Jack Lindquist (March 15, 1927 – February 28, 2016) was an American business executive who served as president of the Disneyland theme park in Anaheim, California from 1990 until he retired in 1993. He was a Disney employee from 1955 until his retirement, and was a marketing executive in the theme parks division for almost thirty years, including a stint as the first advertising manager for Disneyland. His eventual reach would extend worldwide, having trained and/or greatly influenced others who would become amusement industry leaders, both inside and outside of the Disney attractions. Among the amusement industry, many have credited Lindquist with founding and greatly expanding the arts and sciences of attraction promotion.

==Early years and film roles==
Born in Chicago and a graduate of Hollywood High School, Jack Lindquist was also involved as a child actor who appeared as an extra in several episodes of the Our Gang short film series and appeared in the film Best Foot Forward with Lucille Ball. He also appeared in the Shirley Temple Black film, The Little Princess, and Laurel and Hardy's Nothing But Trouble, as 'The Kid'. In all, Lindquist spent 15 years acting as an extra in films.

After graduating from high school, Lindquist enlisted in the U.S. Air Force where he spent two years.
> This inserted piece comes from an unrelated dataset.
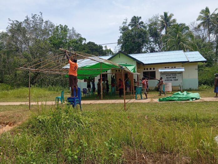 KAMPUNG YIBIN, DISTRIK VENAHA, KABUPATEN MAPPI – Seiring dengan pelaksanaan hari ke-21 TMMD (TNI Manunggal Membangun Desa) Kodim 1704/Mappi Ke-127 Tahun 2026 pada Senin (02/03/2026), masyarakat Kampung Yibin menunjukkan semangat gotong royong yang tinggi dengan bekerja sama mendirikan tenda tepat di depan Kantor Kampung. Tenda tersebut akan digunakan sebagai tempat untuk berbagai kegiatan sosialisasi, penyuluhan kesehatan, dan pemeriksaan kesehatan bagi seluruh warga masyarakat setempat.

He then attended college at the University of Southern California (USC), where he was a member of the Theta Xi Fraternity and the Trojan Knights.

Upon completion of his education, Lindquist began working in the field of advertising. At a mid-sized Los Angeles based advertising agency, Lindquist represented the client Kelvinator appliances, promoting the company's washers, dryers, refrigerators, and other appliances on television and radio. As a sponsor of the Disneyland park, Kelvinator invited Lindquist to view the park during construction, and also later invited back to the Disneyland park on Sunday, July 17, 1955, as a part of the special televised press preview day.

==Disney years==
Two months after the park's official opening, Lindquist received a phone call from early management at Disneyland (Milt Albright) asking for suggestions of an available advertising manager. Lindquist suggested himself and was in turn offered the job.
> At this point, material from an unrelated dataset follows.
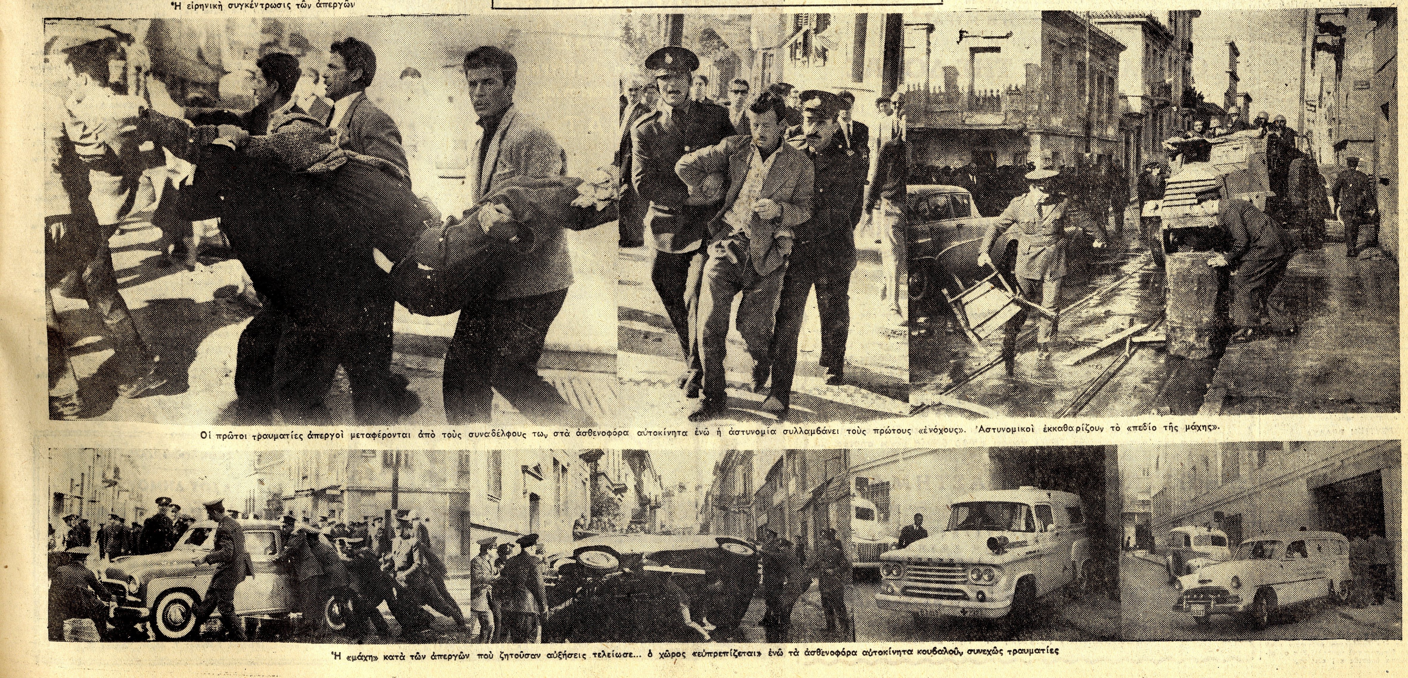 Οι υποχωρούντες απεργοί επιδιώκουν να φθάσουν στο κτίριο του ΕΚΑ. Στην ‘μάχη’ που εξακολουθεί οι αστυνομικοί τρέπονται εις φυγήν αφήνοντας την οδό Αγησιλάου ελεύθερη. Ο δρόμος παρουσιάζει ένα άγριο θέαμα καθώς είναι καλυμμένος από πέτρες, φέιγ-βολάν, από αίματα και από καπέλα αστυφυλάκων και αστυνόμων που τα εγκατέλειψαν κατά την φυγήν των. Το πανδαιμόνιο που κάνουν οι σειρήνες των αστυνομικών αυτοκινήτων, των πυροσβεστικών αντλιών και των ασθενοφόρων αυτοκινήτων που αρχίζουν να καταφθάνουν, οι κραυγές διαμαρτυρίας των απεργών, οι οιμωγές των τραυματισμένων δημιουργούν μια εφιαλτική ατμόσφαιρα.»

As one of the initial Disneyland park employees, and as Disneyland's first Advertising Manager, Lindquist assumed increasing responsibilities that aided his growth in the company as one of the lead executives overseeing the Disneyland parks. In 1965, he earned the title, Director of Marketing, and then when Walt Disney World opened in Orlando, Florida in 1972, he was named Vice President of Marketing for Disneyland and Walt Disney World. Four years later, Lindquist assumed the role of Vice President of Marketing for Walt Disney Attractions. In 1982, with the addition of the park, Tokyo Disneyland and Disneyland Paris, Lindquist was again promoted to Executive Vice President of Marketing and Entertainment, overseeing not only the parks in the United States, Japan and France, but also for the company's outdoor recreation activities.

==Advertising innovator==
As advertising executive with the Disney company for 38 years, Jack Lindquist pioneered advertising and marketing promotions that were successfully replicated industry-wide. In many ways, the Disneyland park was the test bed and incubator for the establishment of marketing techniques for the increasingly popular concept of modern amusement park, the Theme Park. Thus, many of the advertising, marketing and public relations techniques used by many in today's outdoor entertainment industry are based on the examples that Lindquist pioneered through the Disneyland experiences and experiments. Likewise, some of the marketing and advertising ideas that were pioneered in the Disneyland park were also applied outside the amusement park field and into the modern day marketing and sales of modern-day live performances and events.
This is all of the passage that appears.